Really though, my life is better without the drugs. And I've met some wonderful people. But I'm lonely. That's all... just lonely. I want to be able to share my successes with someone. And my failures. (Lately, there's more of the latter). I want someone to talk to. And I'd like someone to cook every once in a while. I get tired of cooking for one every day!
8 Comments:
Mark, how old are you again? I'll keep my eye out for any available chicks interested in meeting a funny guy. (I'm going to be meeting some older women artists soon, actually. My friend Kristina and I are going to try to begin a sort of SLC Mobius group of women artists..)
Anyway, I won't try to rub too much false cheer in your face. We all have those bad days. I will say, however, that the chiquita you eventually hook up with will be pretty lucky to be with a guy so anxiously engaged in good and artsy causes.
http://www.google.com/search?client=safari&rls=en&q=%22mark+dungan%22&ie=UTF-8&oe=UTF-8
I'm 47 & never been kissed (if you don't count my Mom). I'll be better tomorrow.
I can't do anything for your sex life. I can't even do anything for my sex life right now. I can't do anything about it because I'm never NOT working.
I check out every photo you post. I honestly love them. I'm always amazed at what I see in them. Growing up in Auburn, I never even knew you had an artistic side. I always saw you as someone loud, brash, and always partying. Then I left home, spent 8 years in the Air Force and when I come home, you're an artist. I had no idea. But I'm always impressed.
thanks mike for the kindness to think of me as an artist. i don't really know whether that is true or not. i make pretty pictures but is there anything more to them than that? or is that enough?
i'm still loud and brash. i don't party much. (i'm seldom invited). people enjoy me from a distance but seldom dare to get too near. my phone hasn't rang for four days.
i remember visiting you at your place on queen anne hill. you, too, were someone different. someone i wished that i had gotten to know better.

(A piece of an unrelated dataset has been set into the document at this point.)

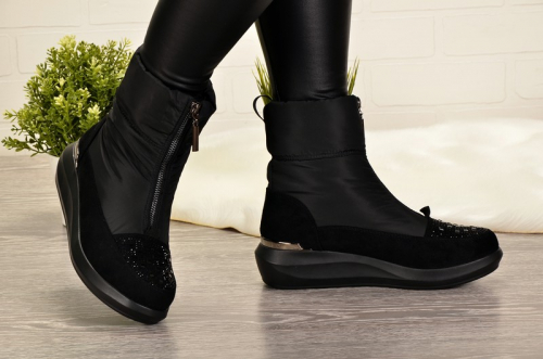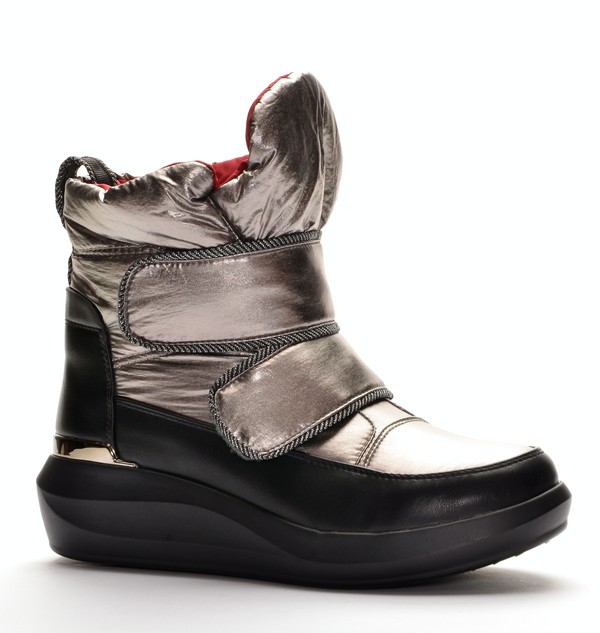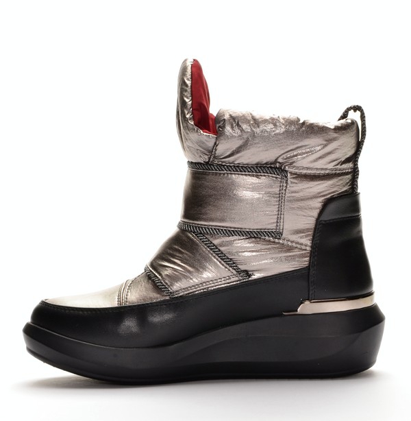 Loris Bottega LB-104 Ботинки женские серебр-чер нейлон+иск кожа, подклад иск мех

you should write a post about your first kiss you joker.
Mark,
I also view your posts everyday, though I know I seldom post to your blog. I really get a kick out of your ramblings and your imagery (print trade?) If you are ever really bored and have a little time, come on over. Jon and I will take you out in the desert and we can spelunk and catch horny toads and roast marshmellows.
By the way, I'm a little bit scared by the second to last line in your blog. You may be in a bad mood, but please don't cook anybody. Take it easy.
darren, people actually taste very good.... like chicken! i like to serve mine with caramelized onions and a nice milk gravy. a nice pinot gris accompanies the meal well.
mmmmmmmmm....pinot greas-eo, and chenin blanc...mrmmm.